Alphonse Legros (1837 - 1911)
RA Collection: Art
The drawing depicts trees and bushes along the banks of a river or canal with a flat misty landscape beyond. In the bottom left foreground two men are working, possibly cutting at the bushes or foraging, while to the right is a boat in the water, which probably belongs to the workers.
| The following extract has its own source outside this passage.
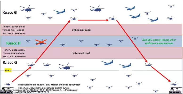 Это красиво смотрится на картинке, если не задаваться вопросом: как же взлетающие дроны будут пересекать «нижний» пилотируемый слой 0-300м, и как вся авиация будет снижаться ниже 400м через «дроновый» слой на посадку, без которой самолеты и вертолеты обходиться еще не научились?

The location depicted is similar to other portrayals of Legros's native Burgundy, such as Paysage bourguignon, from the same year, 1905, and in the same medium (Birmingham Museum and Art Gallery, reproduced in Timothy Wilcox, Alphonse Legros 1837-1911, exh. cat., Musée des Beaux-Arts de Dijon, 1987, p. 13) and Canal avec un pêcheur (1868, Victoria and Albert Museum, London, reproduced ibid., p. 83). The straightness of the water line, bisecting the picture plane, suggests that it could depict a canal, possibly the Burgundy Canal or somewhere like Amiens in northern France, the canal and marshland of which Legros depicted in Près d'Amiens: Les Tourbières (reproduced in Alphonse Legros 1837-1911, exh. cat., Grosvenor Galleries, London, 1922, pl. XLVII).
The draughtsman, printmaker and painter, Alphonse Legros, was born in Dijon, France in 1837. He studied in Paris where he met Henri de Fantin-Latour and James Abbott McNeill Whistler, with whom he shared a dedication to the realist work of Gustave Courbet as well as a commitment to etching (particularly in the case of Legros and Whistler). Together they formed the Société des Trois.
Whistler first took Legros to London in 1861 and he soon moved there and began regularly exhibiting at such galleries as the Royal Academy. In 1876 he became professor at the Slade School of Fine Art where he emphasised good draughtsmanship (he left in 1893). Legros became a naturalised British citizen in 1880 and that year he was also a founder-member of the Society of Painter-Etchers.
The work is one of several by Legros that Carel Weight RA owned, three of which were left to the Royal Academy as part of his bequest (the current work, 03/2010 and 03/2011).